Wednesday, August 5, 2009
Review: The Texas Chain Saw Massacre
Synopsis: Five friends on a road trip in Texas are hunted down and terrorized by a chainsaw wielding killer and his family of grave-robbing cannibals.
Review: This film is often touted as one of the progenitors of the slasher sub-genre of horror films, as well as the magnum opus of writer/director Tobe Hooper. While I certainly can't dispute either of those things, those points also do not mean that this film is everything it is hyped up to be. Nor does it seem worthy of the many sequels that would follow in it's wake.
I found many spots in the film, especially within the first half, that simply drag on way too long. Scenes where nothing really happens. By the time we reach the first kill of the film, you are already about 40 minutes into the film (which has a total run time of about 90 minutes). This glacial pacing in the early part of the film, while perhaps trying to build a mood, simply inspired boredom for me.

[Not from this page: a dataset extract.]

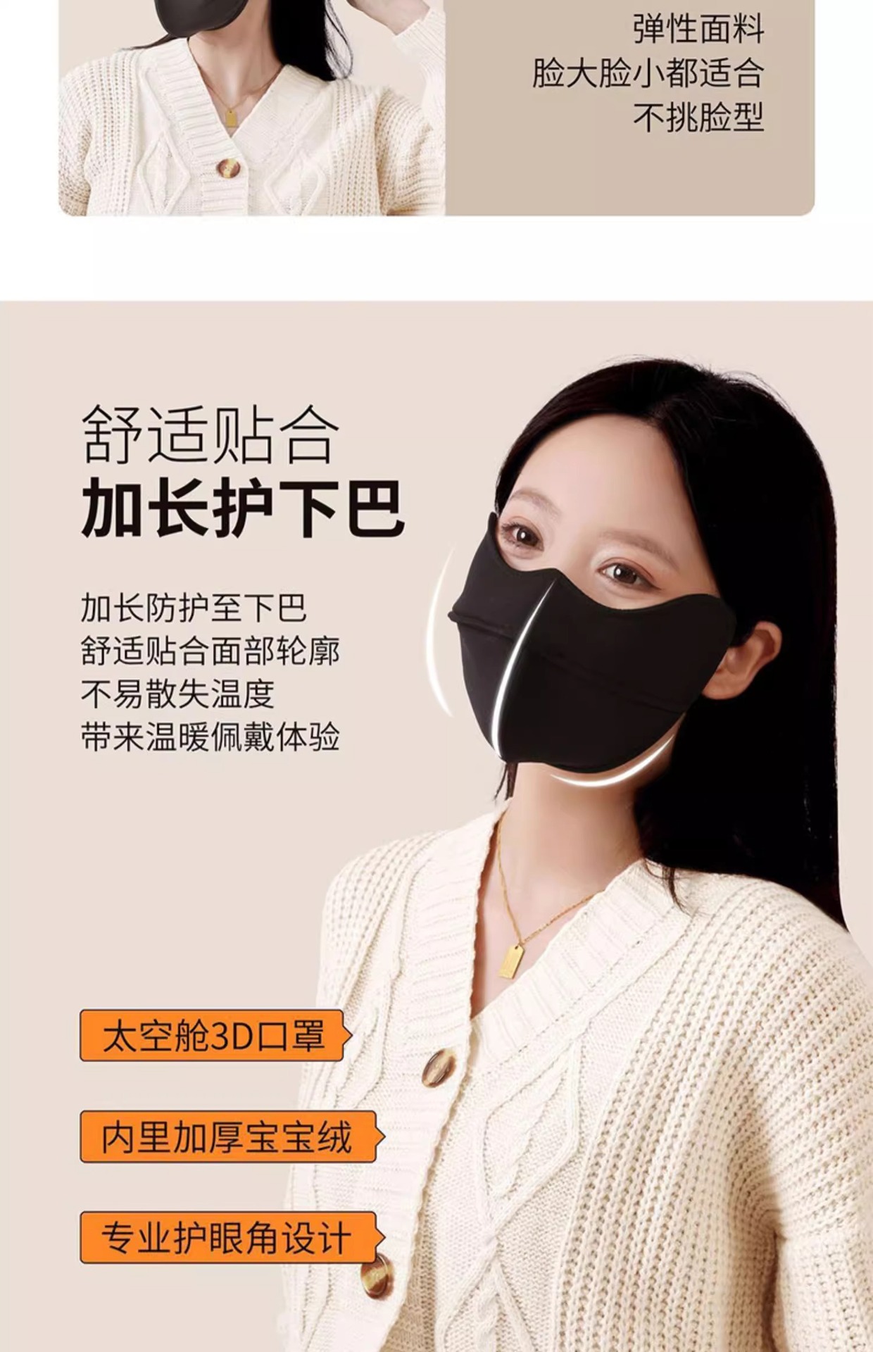 가을과 겨울 따뜻한 마스크 방풍 콜드 마스크 3 차원 추적없는 여성의 세련된 슬리밍 수정 된 얼굴 세척 가능스토어 가기

Also, while this film is steeped in much controversy, including being banned in other countries for it's "graphic content," and being known as one of the earliest slasher films, it is extremely light on blood and gore. Many later films of this sub-genre would be much more noted for their bloodiness and "graphic content." What Hooper looks to strive for is creating horror through a macabre atmosphere, as the eerie score and odd camera angles and settings would seem to bear out. But these are only effective to a point and some of the strange camera shots quickly become repetitive and owe more to directorial excesses, than to any attempts at psychological horror.

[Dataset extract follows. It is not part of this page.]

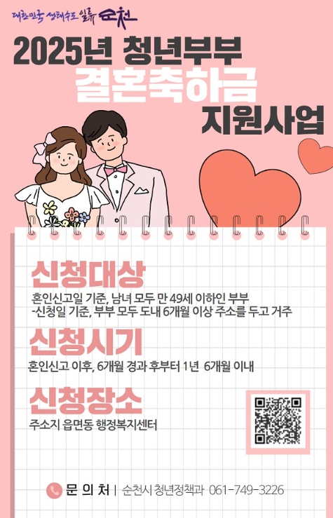 2026년 청년부부 결혼축하금 지원사업 신청은 주소지 관할 읍면동 행정복지센터 방문 또는 온라인(전남아이톡)을 통해 가능하며, 기타 자세한 사항은 순천시청 홈페이지에서 확인할 수 있다.

Since none of the actors create any characters you really come to care about, nor does the script often give you any clarity on just what is happening and why, the film hampers itself in making you truly care about anything that happens to these people. And when you are trying to scare someone, if you don't make them feel for either the characters or the situation, that is extremely hard, if not impossible, to do. The only scene that was even remotely scary was the chase scene, at just over halfway through the film. The terror of that scene (which was quite long) is visceral, but it alone cannot make up for so much wasted time earlier in the film, nor for the over-use of specialized camera shots, which make the film seem to drag on way too often.

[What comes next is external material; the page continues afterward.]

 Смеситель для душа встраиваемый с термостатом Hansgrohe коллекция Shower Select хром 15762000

Is "The Texas Chain Saw Massacre" a macabre film? Yes. Is it a bizarre film? Certainly. Is it even a little bit creepy in some spots? Sure enough. But it is not one of the scariest films ever made, as it often gets billed as. It may be one of the original slashers of cinema history, but later films would do a much better job of defining that sub-genre, which this film may have helped to originate. If you are a fan of this franchise, or a die-hard slasher fanatic, then this is a film you probably should see, if only for the historical significance alone. Everyone else can give it a pass, as there are much better slasher films, which are truly much scarier than this one could ever hope to be. In short, "don't believe the hype!"